We can run scanorama to get a corrected matrix with the correct
function, or to just get the data projected onto a new common dimension with the function integrate
. Or both with the correct_scanpy
and setting return_dimred=True
. For now, run with just integration.
First we need to create individual AnnData objects from each of the datasets.

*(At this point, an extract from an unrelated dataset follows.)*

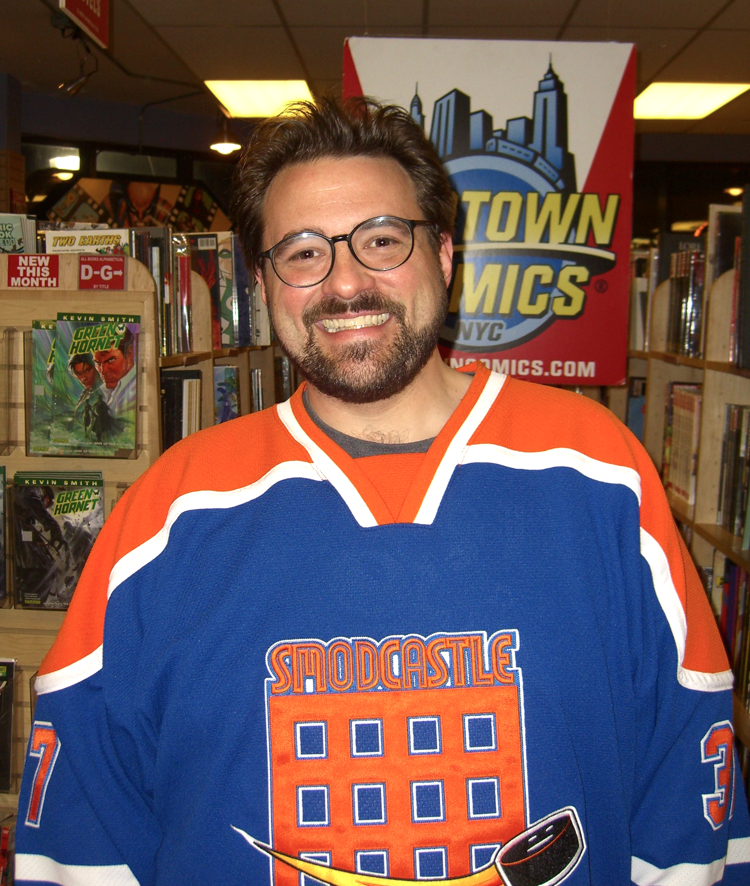 Filmmaker and comic book writer Kevin Smith promoting his 2011 film Red State, at Midtown Comics Grand Central in Manhattan, where he signed autographs and posed with fans for photos, March 4, 2011. Photographed by Luigi Novi. This photo is not in the public domain. It may, however, be used, modified and published for any purpose, only if an easily visible credit to the photographer is placed near the photo in each instance in which it is used. (See licensing information below.) Publication of this photo without this proper attribution constitutes copyright infringement. For more information on my photos, you can contact me here.

# split per batch into new objects.
batches = adata.obs['sample'].cat.categories.tolist()
alldata = {}
for batch in batches:
alldata[batch] = adata2[adata2.obs['sample'] == batch,]
alldata
import scanorama
#subset the individual dataset to the variable genes we defined at the beginning
alldata2 = dict()
for ds in alldata.keys():
print(ds)
alldata2[ds] = alldata[ds][:,var_genes]
#convert to list of AnnData objects
adatas = list(alldata2.values())
# run scanorama.integrate
scanorama.integrate_scanpy(adatas, dimred = 50)
#scanorama adds the corrected matrix to adata.obsm in each of the datasets in adatas.
adatas[0].obsm['X_scanorama'].shape
# Get all the integrated matrices.
scanorama_int = [ad.obsm['X_scanorama'] for ad in adatas]
# make into one matrix.
all_s = np.concatenate(scanorama_int)
print(all_s.shape)
# add to the AnnData object, create a new object first
adata_sc = adata.copy()
adata_sc.obsm["Scanorama"] = all_s
# tsne and umap
sc.pp.neighbors(adata_sc, n_pcs =30, use_rep = "Scanorama")
sc.tl.umap(adata_sc)
sc.tl.tsne(adata_sc, n_pcs = 30, use_rep = "Scanorama")
fig, axs = plt.subplots(2, 2, figsize=(10,8),constrained_layout=True)
sc.pl.umap(adata2, color="sample", title="BBKNN tsne", ax=axs[0,0], show=False)
sc.pl.umap(adata, color="sample", title="Scanorama tsne", ax=axs[0,1], show=False)
sc.pl.umap(adata2, color="sample", title="BBKNN umap", ax=axs[1,0], show=False)
sc.pl.umap(adata, color="sample", title="Scanorama umap", ax=axs[1,1], show=False)
#save to file
save_file = './data/results/scanpy_scanorama_corrected_covid.h5ad'
adata_sc.write_h5ad(save_file)
Plot umap of all the methods we tested here. Which do you think looks better and why?
fig, axs = plt.subplots(2, 2, figsize=(10,8),constrained_layout=True)
sc.pl.umap(adata, color="sample", title="Uncorrected", ax=axs[0,0], show=False)
sc.pl.umap(adata2, color="sample", title="BBKNN", ax=axs[0,1], show=False)
sc.pl.umap(adata_combat, color="sample", title="Combat", ax=axs[1,0], show=False)
sc.pl.umap(adata_sc, color="sample", title="Scanorama", ax=axs[1,1], show=False)
Have a look at the documentation for BBKNN https://scanpy.readthedocs.io/en/latest/generated/scanpy.external.pp.bbknn.html#scanpy-external-pp-bbknn
Try changing some of the parameteres in BBKNN, such as distance metric, number of PCs and number of neighbors. How does the results change with different parameters? Can you explain why?